Artificial Intelligence and the Challenge of False Positives in Lung CT Screening

In the rapidly evolving landscape of medical imaging, artificial intelligence (AI) has emerged as a transformative force, particularly in the detection of pulmonary nodules through computed tomography (CT) scans. Designed to enhance diagnostic accuracy and streamline radiological workflows, AI systems powered by deep learning algorithms have demonstrated impressive sensitivity—often exceeding 95%—in identifying potential lung lesions. However, despite these advancements, a persistent and significant challenge remains: the high rate of false positive pulmonary nodules (FPPNs). These erroneous detections not only burden radiologists with unnecessary follow-up assessments but also risk causing undue anxiety for patients and contributing to inefficient use of healthcare resources.

A recent study conducted by ZUO Lingzi and HUANG Yan from the Department of Radiology at Shenyang Dazhong Hospital sheds new light on this critical issue. Published in Chinese Medical Devices, their research investigates the distribution, characteristics, and underlying causes of false positive nodules mistakenly flagged by AI during routine lung CT screenings. By analyzing a cohort of 500 asymptomatic individuals undergoing preventive health exams, the team aimed to uncover patterns that could inform both clinical practice and future algorithmic improvements.

The study utilized a commercially available AI software developed by Yitu Technology, a leading Chinese artificial intelligence company known for its medical imaging solutions. All CT scans were acquired using a GE Optima CT670 128-slice spiral scanner with standardized protocols, including reconstruction at 1.25 mm slice thickness and dual-window settings for lung and soft tissue evaluation. After automated nodule detection, two experienced radiologists independently reviewed all flagged regions, reaching consensus on whether each finding represented a true or false positive. This human-in-the-loop validation ensured clinical relevance and minimized subjective bias in the final classification.

The results revealed a substantial burden of false positives. Out of 1,518 nodules detected by the AI system, only 740 were confirmed as true positives, leaving 778 classified as false alarms—an average of 1.6 false nodules per scan. This translates to a false positive rate of approximately 51.2%, underscoring the gap between high sensitivity and clinical precision. While such performance aligns with existing literature reporting false positive rates ranging from 4 to 22 per scan in various deep learning models, the consistency of elevated error rates across different populations suggests systemic limitations in current AI architectures.

One of the most striking findings was the disproportionate prevalence of sub-centimeter nodules among false detections. Of the 778 false positives, 534 (68.6%) measured less than 5 mm in diameter. These tiny structures, often indistinguishable from benign anatomical features on axial slices alone, pose a particular challenge for AI systems that rely heavily on local texture and intensity patterns without full contextual integration. The researchers noted that many of these micro-nodules corresponded to normal pulmonary vasculature, linear fibrotic strands, or partial volume effects at vessel bifurcations—structures that mimic the rounded morphology expected of early-stage tumors.

This observation has important implications for screening protocols. If AI systems continue to flag large numbers of sub-5 mm findings, the downstream impact on radiology departments could be significant. Follow-up imaging, additional patient consultations, and prolonged monitoring schedules increase costs and resource utilization. Moreover, the psychological toll on patients who receive an initial “abnormal” result—only to later learn it was a false alarm—cannot be overlooked. The authors suggest that refining size-based thresholds within AI models might reduce this burden.

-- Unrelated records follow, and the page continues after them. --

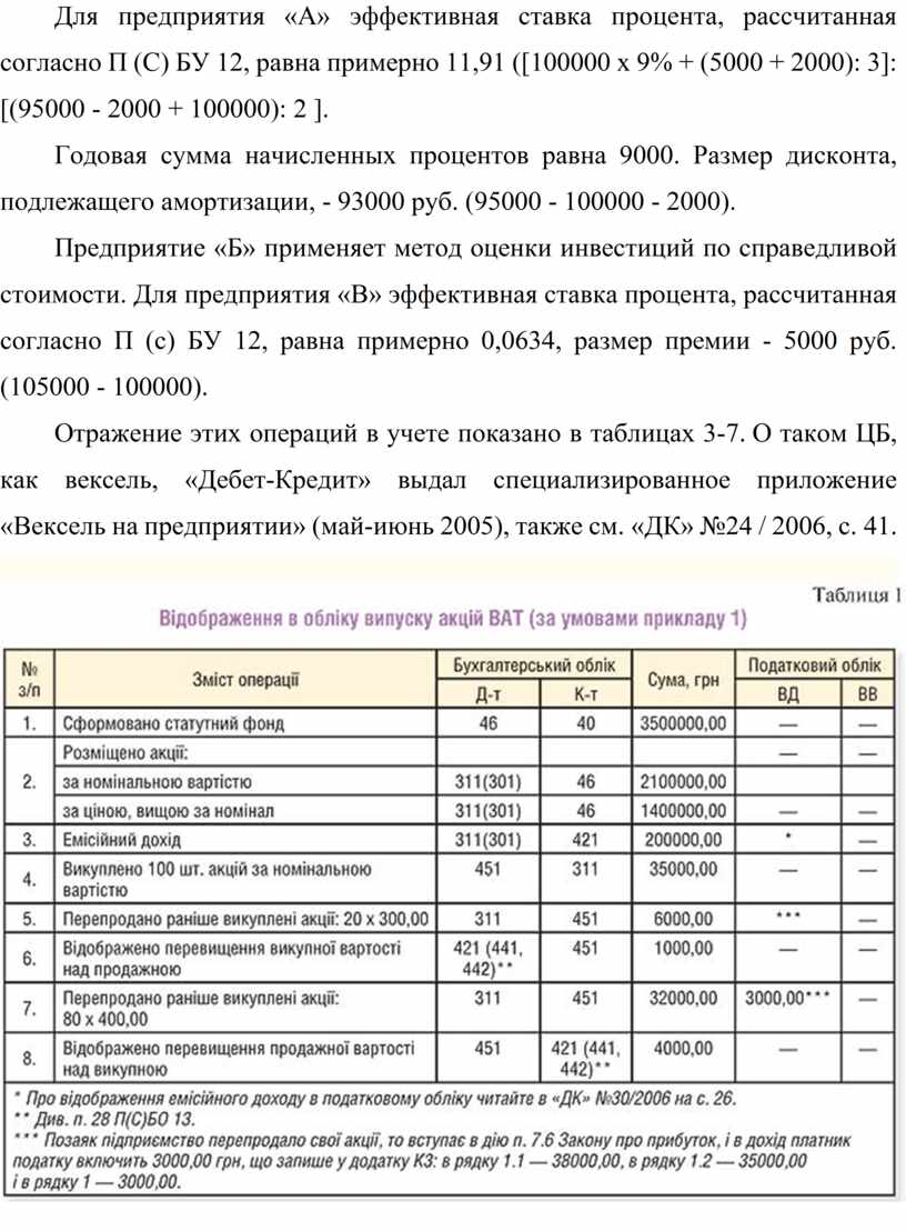 Предприятие «Б» применяет метод оценки инвестиций по справедливой стоимости. Для предприятия «В» эффективная ставка процента, рассчитанная согласно П (с) БУ 12, равна примерно 0,0634, размер премии - 5000 руб. (105000 - 100000).
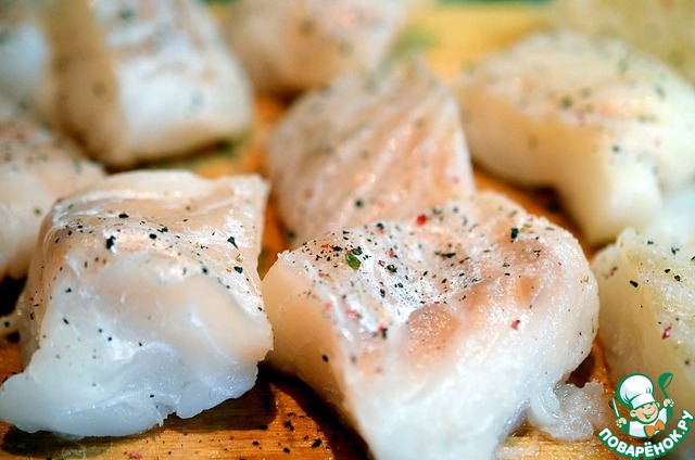Филе рыбы вымыть, обсушить, нарезать крупными прямоугольными ломтиками.
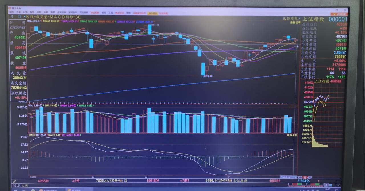 老手说股:(3) 家人们,大盘今天如期上涨,可是力度较弱,上午已经收盘,讲几句。 临近五一长假,大盘上攻欲望并不强烈,个股上涨和下跌各半,今天跌停较多,对于市场人气有些影响。 技术上,大盘受到了上行的10线支撑,呈现低开高走,可是由于长假因素,力度差了一些。 大盘已经连续数天收盘位于60线之上,后市继续看高一线。 其它也没什么,操作上忌追,因为分钟图中,30分钟,60分钟高位钝化。[玫瑰][发]
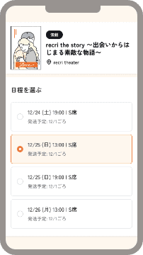recriがご提案するおすすめ作品の中から、観たい作品・日時・枚数を選ぶと、チケットがご自宅に届きます。
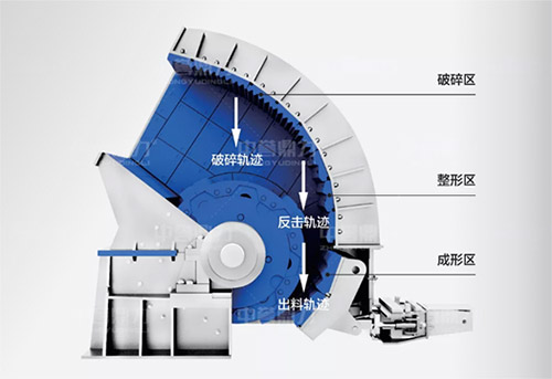 在第三反擊區的可調節反擊板上留出空隙,讓直徑小于空隙的物料直接自然流出,避免再次破碎,提升產能的同時,大大減少產粉率,是在物料合適的情況下是替代傳統反擊式破碎機的可選產品。
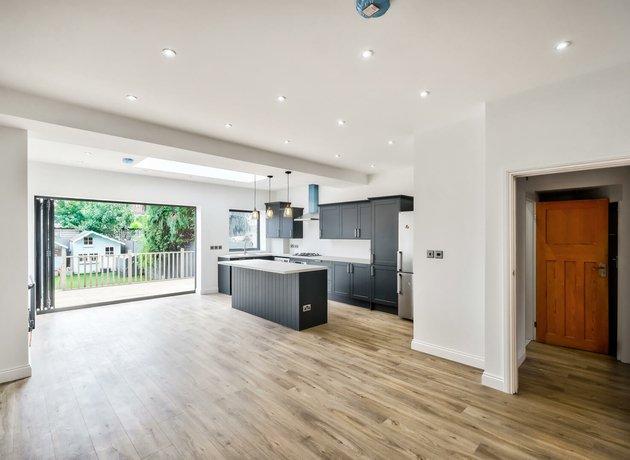The real showstopper is the impressive, brand new rear extension; a light-filled open-plan kitchen, dining, and family area with bifolding doors opening onto a raised decked terrace.
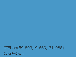CIELab 59.893,-9.669,-31.988 Color is a normal blue color and the nearest color is Celestial Blue #4997d0. Hex code #4898c8 and RGB value is rgb(72,152,200). In RGB color space, this color is composed of 28% red, 60% green, 78% blue, In CMYK color space, this color is composed of 64% cyan, 24% magenta, 0% yellow , 22% black , In HSL color space, this color has a hue angle of 203° , 54% saturation and 53% lightness.
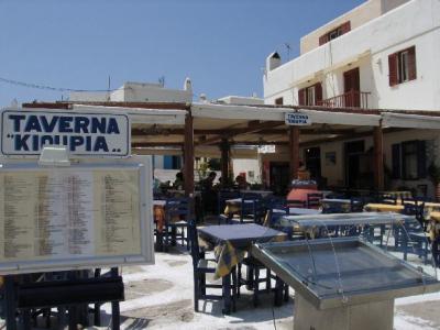 ペリカンのペドロ君がよく出入りするレストラン「NIKOS」の前にあります。ミコノスの白壁の迷路の中このお店を探すのには結構迷ってしまいました。ギリシャ料理の定番をワンプレートにした「ギリシャプレート」は、家庭料理的な味付けで、ミートボール、ムサカ、スタッフドトマトなどボリューム満点で10euro弱と良心的なお値段です。とってもおいしく頂きました。
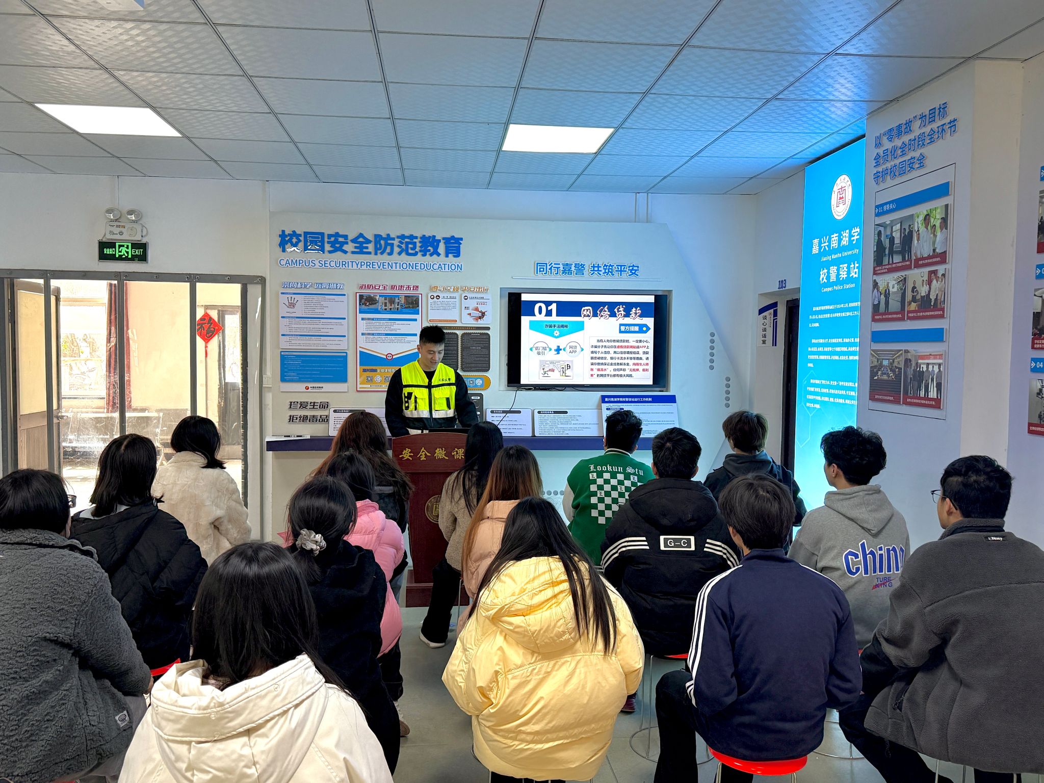 3月12日,嘉兴南湖学院“校警驿站”联合新兴派出所开展“红船义警”安全微课堂教育活动。活动通过理论宣讲与实践教学相结合的方式,进一步增强学生安全防范意识,助力平安校园建设。

For instance, suppressing alerts for nodules below a certain size unless accompanied by high-risk morphological features could improve specificity without sacrificing sensitivity for clinically meaningful lesions.

Beyond size, the study examined how nodule density influenced false positive rates. Pulmonary nodules are typically categorized as solid, part-solid, or pure ground-gglass opacity (GGO), each carrying different implications for malignancy risk. In this analysis, part-solid nodules exhibited the highest false positive predictive value at 69.7% (23 out of 33 AI-detected part-solid nodules were deemed false), significantly higher than solid nodules (48.3%) and pure GGOs (53.3%). This finding is particularly noteworthy because part-solid nodules are clinically significant—they are associated with a higher probability of adenocarcinoma in situ or minimally invasive adenocarcinoma. Therefore, a high false positive rate in this category is especially problematic, as it may lead to overdiagnosis or unnecessary interventions.

The elevated false positive rate for part-solid nodules likely stems from the inherent complexity of their appearance. Unlike uniformly dense solid nodules or diffusely hazy GGOs, part-solid lesions contain mixed components that can resemble clustered inflammatory changes, atelectasis, or overlapping structures such as bronchiectasis with mucus plugging. The AI model, trained primarily on isolated nodule examples, may struggle to disentangle these overlapping patterns without access to broader anatomical context or multiplanar reconstructions.

Interestingly, the overall number of false positives per scan increased steadily with patient age. Using Spearman rank correlation analysis, the researchers found a strong positive association between age and false positive detection rate (rs = 0.986, P < 0.05). The lowest rate was observed in the 25–34 age group (1.2 false nodules per scan), while the highest occurred in those aged 75 and above (3.0 per scan). This trend mirrors the natural history of pulmonary aging, where cumulative exposure to environmental insults, recurrent infections, and chronic inflammation lead to structural changes such as interstitial fibrosis, pleural thickening, and vascular remodeling—all of which can mimic nodular pathology.

This age-related increase in false positives underscores a key limitation of one-size-fits-all AI models. Current systems are often trained on heterogeneous datasets without sufficient stratification by demographic or physiological variables. As a result, they may not adequately account for the increased background “noise” present in older lungs. Future iterations of AI detection software could benefit from age-adjusted thresholds or adaptive learning frameworks that modulate sensitivity based on patient characteristics.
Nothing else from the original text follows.